Hereinafter, the present invention will be described in detail with reference to the accompanying drawings.

3A to 3D are cross-sectional views illustrating stepper alignment keys according to an exemplary embodiment of the present invention.

Referring to FIG. 3A, a first interlayer oxide layer 33 is formed on a lower structure 31 including a gate electrode formed on a semiconductor substrate (not shown) in which a main chip region and a scribe lane are defined.

Then, the first interlayer oxide film 33 is etched by a photolithography process using a plug mask to form a plug contact hole (not encoded). In this case, the plug contact hole is formed in the scribe lane.

Subsequently, after the polycrystalline silicon layer is formed on the entire surface including the contact hole, the polycrystalline silicon layer is flatly etched by a chemical mechanical polishing method using the first interlayer oxide layer 33 as an etch stop layer.

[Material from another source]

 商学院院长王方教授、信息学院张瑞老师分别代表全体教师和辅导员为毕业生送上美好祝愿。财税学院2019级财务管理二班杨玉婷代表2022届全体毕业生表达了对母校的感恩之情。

Form.

Referring to FIG. 3B, a second interlayer oxide film 37 is formed on the entire surface including the plug 35.

Referring to FIG. 3C, a photoresist film is coated on the second interlayer oxide film 37, and the photoresist film is only a portion where a bit line contact is to be formed in the main chip region and a portion adjacent to a plug 35 formed in the scribe lane. It is selectively exposed and developed to be removed to form the photoresist pattern 39.

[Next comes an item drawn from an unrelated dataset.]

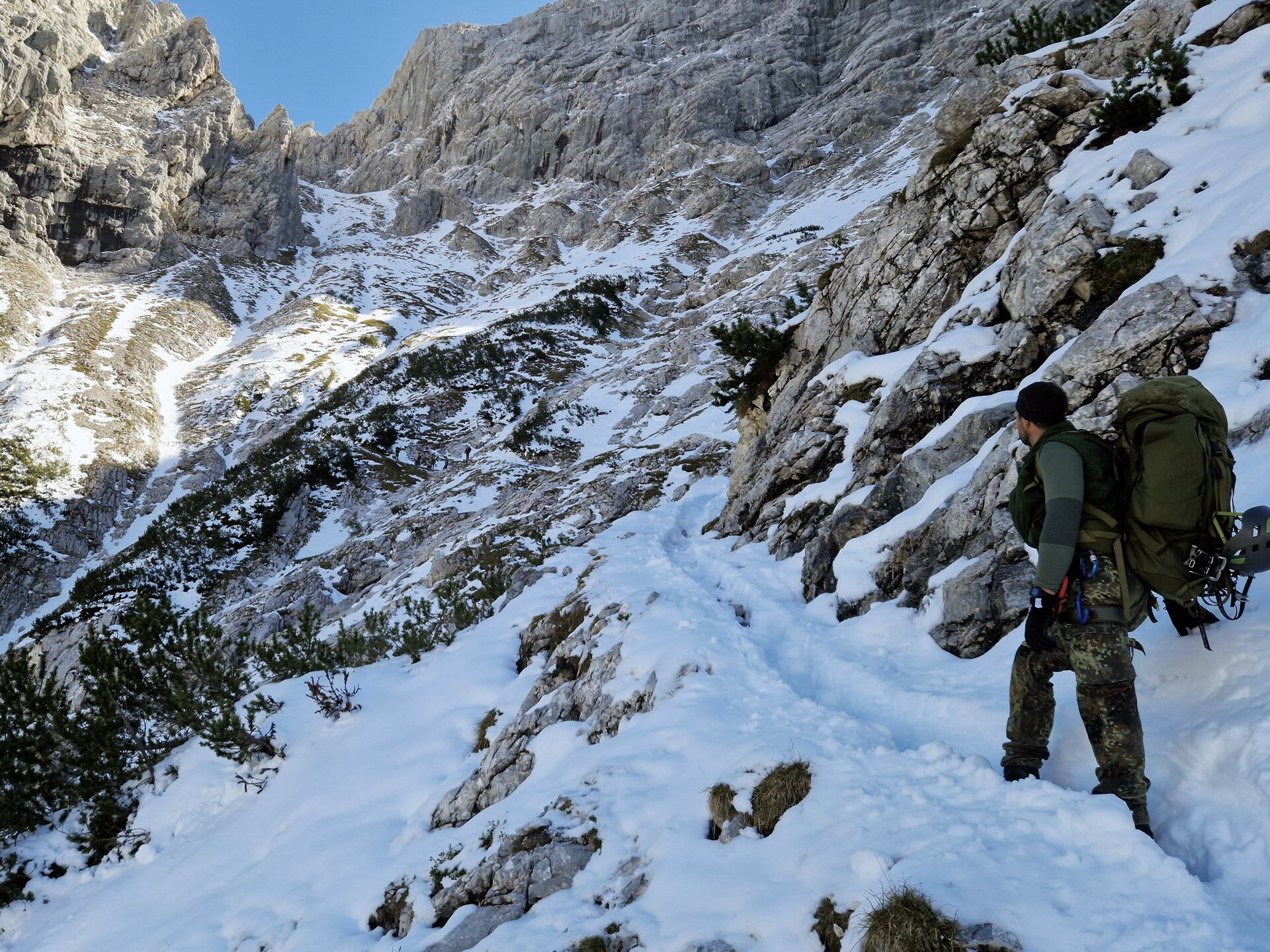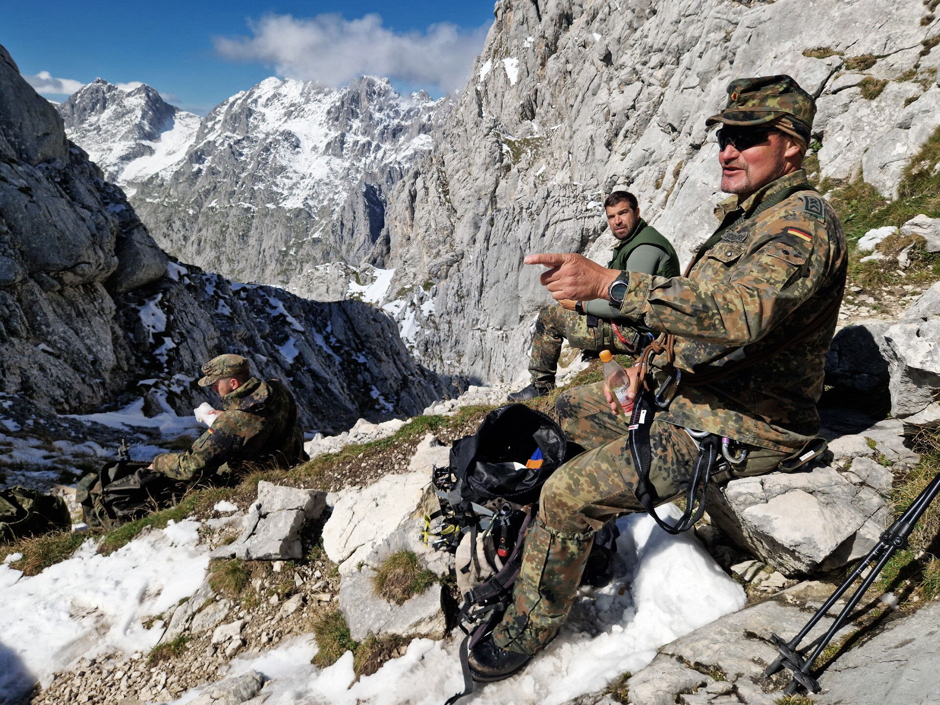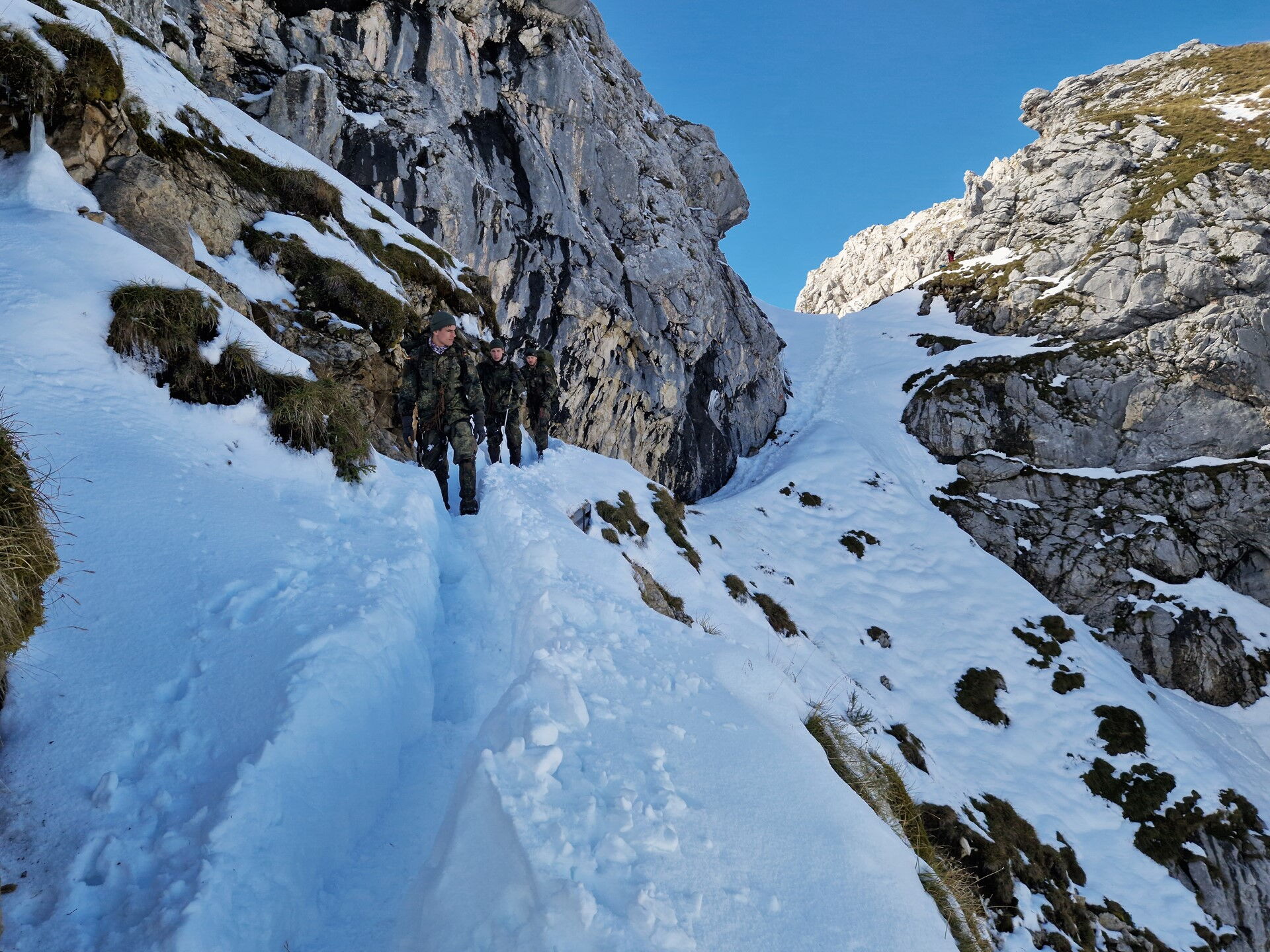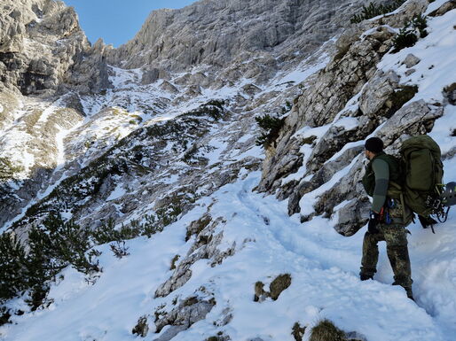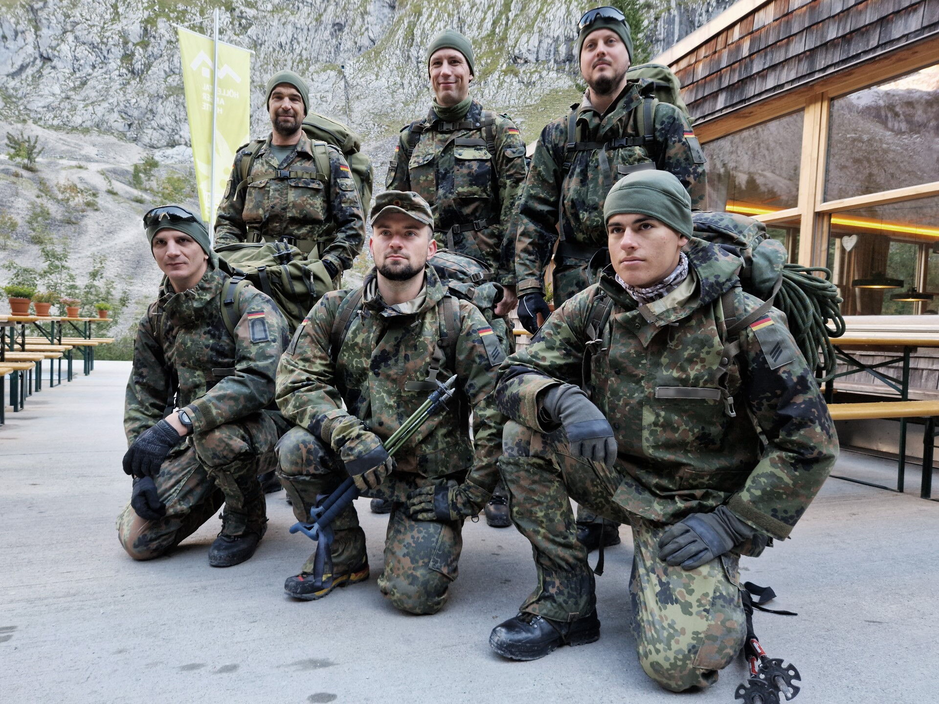Der Aufstieg führt die acht Soldaten der Hochgebirgsgruppe der 2. Kompanie vom Parkplatz Hammersbach durch das Höllental hinauf zur Höllentalangerhütte auf 1.387 m. Dabei überwinden sie unter der Führung des Heeresbergführers Stabsfeldwebel Peter Schöddert mit knapp 30 kg Gepäck auf fünf Kilometern 765 Höhenmeter.

The second interlayer oxide layer 37 is etched using the photoresist pattern 39 as a mask to form a bit line contact hole (not shown) in the main chip region, and to form the first and second interlayer oxide layers 33. , 37) is etched to expose the plug 35 formed in the scribe lane.

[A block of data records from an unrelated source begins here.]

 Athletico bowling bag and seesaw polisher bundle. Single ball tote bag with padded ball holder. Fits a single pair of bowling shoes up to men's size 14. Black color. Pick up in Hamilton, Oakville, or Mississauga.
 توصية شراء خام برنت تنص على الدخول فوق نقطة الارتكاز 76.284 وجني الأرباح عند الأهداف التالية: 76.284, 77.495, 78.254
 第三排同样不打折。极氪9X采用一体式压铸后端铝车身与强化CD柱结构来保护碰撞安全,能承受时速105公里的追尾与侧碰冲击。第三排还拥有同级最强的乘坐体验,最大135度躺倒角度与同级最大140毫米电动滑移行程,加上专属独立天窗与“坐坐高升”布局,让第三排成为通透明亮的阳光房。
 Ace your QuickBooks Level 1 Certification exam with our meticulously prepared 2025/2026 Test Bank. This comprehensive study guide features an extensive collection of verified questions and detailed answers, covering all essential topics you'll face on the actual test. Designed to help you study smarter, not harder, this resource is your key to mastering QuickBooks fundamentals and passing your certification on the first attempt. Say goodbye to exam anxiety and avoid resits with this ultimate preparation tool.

Referring to FIG. 3D, the bit line metal layer 41 is formed on the entire surface including the exposed plug 35.

Here, since the metal layer 41 is formed in a state in which the plug 35 formed in the scribe lane is exposed, a step of a key is formed to facilitate alignment measurement at each step.

In the method of manufacturing a semiconductor device of the present invention, the interlayer oxide film around the plug formed in the scribe lane is also etched during the bit line contact forming process to expose the plug of the scribe lane, so that the alignment of the exposed scribe lane is achieved by the plug of the exposed scribe lane. Since a step of a key for measuring) is generated, the alignment accuracy can be easily measured, thereby improving the yield and reliability of the device.

Claims (1)

Forming a first interlayer insulating layer including a plug contact hole on a substrate on which a main chip region and a scribe lane are defined, and forming the plug contact hole in the scribe lane; Forming a plug to bury the plug contact hole; Forming a second interlayer insulating film on the entire surface including the plug; The second interlayer insulating film is etched by using a photolithography process using a mask for transmitting wiring adjacent to the adjacent portions of the plugs formed in the scribe lanes to form wiring contact holes, and the first and second interlayer insulating films are etched. Exposing the plug of the scribe lane.